I inadvertently smacked Hamilton a few times when he was younger. It was completely a reflex when he randomly bit me HARD with those razor puppy teeth. I've also accidentally stepped on him and kicked him. Today is his 9 month birthday and he seems none the worse for ware. He certainly isn't afraid of me in any way. In fact, if I never left his side and was touching him every second of the day, he'd be the happiest dog on earth.


----------



## Crantastic (Feb 3, 2010)

The Rick said:


> To be clear, I'm reading the revised edition, published in June of '11, which is supposed to have remedied a lot of the inaccuracies.
> 
> Regardless, do you have any recommendations?


Do you want training books, or books about how dogs think? If it's the latter, The Other End of the Leash by Patricia McConnell is a really good read, and although I haven't read The Culture Clash by Jean Donaldson yet, it's apparently great as well. For general training stuff, I love Ian Dunbar, and he has an entire training textbook online for free right here. 

There are lots of recs here, too:


----------



## RedGermanPinscher (Jun 22, 2012)

I can not tell you how many times over the years my dogs have gotten accidently kicked, punched, stepped on etc... simply cause they were at the wrong place at the wrong time... None of them have or had lasting scars.

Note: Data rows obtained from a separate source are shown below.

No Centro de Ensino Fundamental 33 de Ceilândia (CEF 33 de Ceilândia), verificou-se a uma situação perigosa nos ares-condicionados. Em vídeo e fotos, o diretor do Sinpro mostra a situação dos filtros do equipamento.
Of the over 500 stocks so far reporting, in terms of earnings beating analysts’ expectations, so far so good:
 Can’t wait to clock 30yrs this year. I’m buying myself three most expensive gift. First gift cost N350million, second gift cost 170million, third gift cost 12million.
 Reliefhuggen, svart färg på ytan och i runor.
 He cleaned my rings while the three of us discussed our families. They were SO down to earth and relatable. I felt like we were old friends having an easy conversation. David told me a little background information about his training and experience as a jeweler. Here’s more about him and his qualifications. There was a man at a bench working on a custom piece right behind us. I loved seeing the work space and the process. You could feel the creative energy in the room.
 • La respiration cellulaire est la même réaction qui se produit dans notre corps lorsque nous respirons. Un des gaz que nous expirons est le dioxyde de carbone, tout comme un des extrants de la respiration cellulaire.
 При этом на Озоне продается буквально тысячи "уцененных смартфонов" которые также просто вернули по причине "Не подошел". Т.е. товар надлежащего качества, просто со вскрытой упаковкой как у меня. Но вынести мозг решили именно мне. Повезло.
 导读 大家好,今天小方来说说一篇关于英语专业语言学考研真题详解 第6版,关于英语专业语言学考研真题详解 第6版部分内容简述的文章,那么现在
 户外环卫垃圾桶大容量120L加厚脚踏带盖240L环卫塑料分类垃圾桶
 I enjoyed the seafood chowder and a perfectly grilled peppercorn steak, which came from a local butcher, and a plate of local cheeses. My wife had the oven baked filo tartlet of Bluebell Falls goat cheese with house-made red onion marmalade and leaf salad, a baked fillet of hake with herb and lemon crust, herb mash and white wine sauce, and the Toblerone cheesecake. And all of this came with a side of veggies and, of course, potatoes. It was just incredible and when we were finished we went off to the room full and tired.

As long as the majority of interaction is positiv, there should be no issues.


----------



## Amaryllis (Dec 28, 2011)

I've accidentally smacked Kabota a couple of times and he's the softest dog in the world and he forgave me. Your puppy will be fine.


----------



## chubby (Aug 18, 2011)

The Rick said:


> Hello everyone... I am the proud owner of soon-to-be 11 week old Scottie, Ellie. She has a great personality, and is very loving, but like a lot of Scotties is a bit hyper and definitely at times independent. Here is a pic:
> 
> 
> 
> ...


I stepped on my dog a few times because she likes to weave between people's legs as they walk in the kitchen. There were times she did this during walks as well, and she yelped. The best thing to do, is NOT react. Act like nothing happened, and she won't have a negative lasting experience of it. If you coo and pet her, then she will think it was a really bad thing that happened, and may react negatively next time. The best thing to do, is act like nothing happened, and take her for a walk to get her mind off of it. Then when she's acting good, you can act on your remorse by feeding her lots of tasty treats


----------



## chubby (Aug 18, 2011)

The Rick said:


> To be clear, I'm reading the revised edition, published in June of '11, which is supposed to have remedied a lot of the inaccuracies.
> 
> Regardless, do you have any recommendations?

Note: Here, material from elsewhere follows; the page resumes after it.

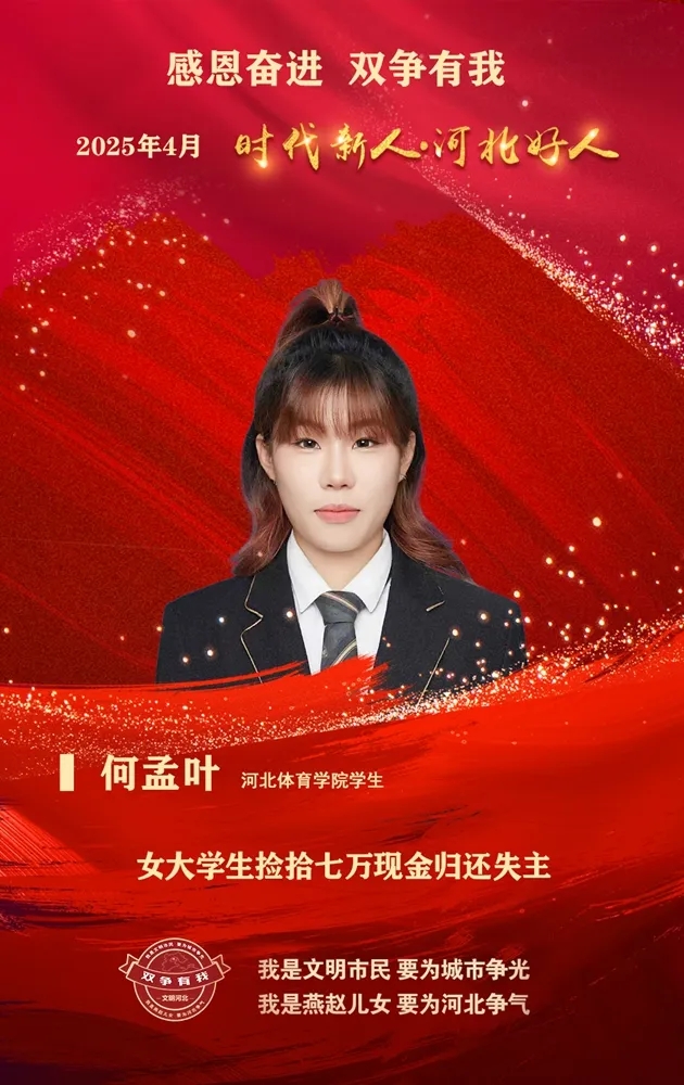 何孟叶,女,2004年5月出生,河北体育学院学生。2025年1月,假期探亲时她捡到了装有七万元现金的一个黑色公文包,当时她赶忙在附近寻找失主,但没有找到。于是,她决定冒着寒风在原地等待失主。半个多小时后,失主赶到,何孟叶根据包里的身份证向其核实身份后,立即将公文包还给了失主。(廊坊市推荐)

Some positive training books:

Ian Dunbar.
"The Other End of the Leash" Patricia O'Connell (sp?)
"The Puppy Whisperer" Paul Owens


----------



## goffredo (Jan 14, 2012)

Amaryllis said:


> I've accidentally smacked Kabota a couple of times and he's the softest dog in the world and he forgave me.


The forgiving is kind of amazing.

My 12-week old Ridgeback manages to get his paw in a jam every other day or so. A few days ago, he got his paw stuck between the crate wires when I was trying to pull him out and it smarted him pretty bad. Yesterday, my brother accidentally stepped on his paw because he darted under-foot. And this evening, I think I mashed his paw slightly when playing with him, and he did his requisite yelping and then quickly jumped into my lap and began frantically licking my face. It seems each time I accidentally hurt him, *he* tries to console *me*. I don't quite understand what is going on! 

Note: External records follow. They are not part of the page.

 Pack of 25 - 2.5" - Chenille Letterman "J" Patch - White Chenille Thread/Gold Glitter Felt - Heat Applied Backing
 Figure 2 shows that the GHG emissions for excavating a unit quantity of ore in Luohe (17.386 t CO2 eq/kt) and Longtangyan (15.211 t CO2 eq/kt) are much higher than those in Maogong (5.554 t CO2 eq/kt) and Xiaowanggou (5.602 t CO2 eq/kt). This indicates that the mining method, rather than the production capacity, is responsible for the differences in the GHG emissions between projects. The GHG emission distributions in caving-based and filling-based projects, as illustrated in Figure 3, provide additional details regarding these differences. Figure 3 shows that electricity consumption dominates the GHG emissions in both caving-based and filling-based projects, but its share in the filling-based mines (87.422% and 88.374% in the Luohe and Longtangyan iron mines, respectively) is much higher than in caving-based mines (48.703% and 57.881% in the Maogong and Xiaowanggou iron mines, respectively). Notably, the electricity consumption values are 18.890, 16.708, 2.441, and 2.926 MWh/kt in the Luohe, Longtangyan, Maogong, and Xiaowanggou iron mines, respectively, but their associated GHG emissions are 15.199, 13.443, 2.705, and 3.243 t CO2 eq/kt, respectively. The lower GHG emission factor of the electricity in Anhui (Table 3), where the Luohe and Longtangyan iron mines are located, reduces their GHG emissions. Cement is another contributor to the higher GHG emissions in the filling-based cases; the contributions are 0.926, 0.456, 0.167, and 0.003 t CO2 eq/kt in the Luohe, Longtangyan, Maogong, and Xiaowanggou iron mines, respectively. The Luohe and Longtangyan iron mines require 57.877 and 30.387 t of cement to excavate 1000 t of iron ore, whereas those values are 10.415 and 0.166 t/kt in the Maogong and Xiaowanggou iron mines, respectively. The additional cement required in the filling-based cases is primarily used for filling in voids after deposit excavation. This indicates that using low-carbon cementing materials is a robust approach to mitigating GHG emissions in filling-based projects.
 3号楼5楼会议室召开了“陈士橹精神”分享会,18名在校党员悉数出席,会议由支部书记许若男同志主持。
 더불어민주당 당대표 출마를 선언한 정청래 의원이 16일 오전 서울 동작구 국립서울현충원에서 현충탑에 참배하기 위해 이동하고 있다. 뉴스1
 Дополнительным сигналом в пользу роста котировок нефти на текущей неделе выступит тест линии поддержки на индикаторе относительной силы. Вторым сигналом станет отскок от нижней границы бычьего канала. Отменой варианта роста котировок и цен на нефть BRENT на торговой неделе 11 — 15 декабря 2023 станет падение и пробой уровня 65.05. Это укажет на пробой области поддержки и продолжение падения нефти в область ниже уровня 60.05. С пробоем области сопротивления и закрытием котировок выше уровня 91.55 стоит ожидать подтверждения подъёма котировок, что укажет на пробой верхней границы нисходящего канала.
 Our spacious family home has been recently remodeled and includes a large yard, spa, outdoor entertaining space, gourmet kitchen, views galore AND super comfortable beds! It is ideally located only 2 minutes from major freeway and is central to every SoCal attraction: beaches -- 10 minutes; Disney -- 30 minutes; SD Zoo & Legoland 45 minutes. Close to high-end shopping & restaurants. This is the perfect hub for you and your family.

I guess that's one problem with a little puppy having big ol' polar bear paws flopping about. Hopefully he gets better inventory of his facilities before we inadvertently instill in him a paw-squishing-phobia!


----------



## EdDTS (May 30, 2012)

Hitting your dog comes down to what you're feeling when you do it and how you treat them afterwards.

If you hit your dog and stay frustrated after it then your dog will probably become scared of you.
If you hit your dog and worry it's a lot like being frustrated so they could become scared as well.
If you hit your dog and act like it was nothing out of the ordinary then they won't really care. This is the important one. I've hit my dog with a completely chill attitude and he doesn't care, he'll just go do something else.


----------



## spoiler (Aug 27, 2012)

I hit my dog all the time.
No big deal.


----------



## goffredo (Jan 14, 2012)

spoiler said:


> I hit my dog all the time.
> No big deal.


Haha, taken out of context, that sounds pretty bad!


----------



## aiw (Jun 16, 2012)

Our bigger dog Callie actually likes to get beat on a little. She's a rough and tumble dog and a good smack starts up the craziest zoomies!


----------



## spoiler (Aug 27, 2012)

We're sorry, our dog ate our homework this page.


----------



## seaboxador (Sep 23, 2012)

I'd really advise you to watch puppys play. They hit each other all the time. One little incident isn't abusing your dog. If you hit them as punishment on a regular basis then yeah you're going to have a problem. Much like with human children, if you make a big deal of something you did then it's going to be a big deal to them.

The bigger problem to me seems like you need to learn how to teach your dog to not jump on people. The first step of that is completely ignoring a dog who does that. Google stop dog jumping and start there.


----------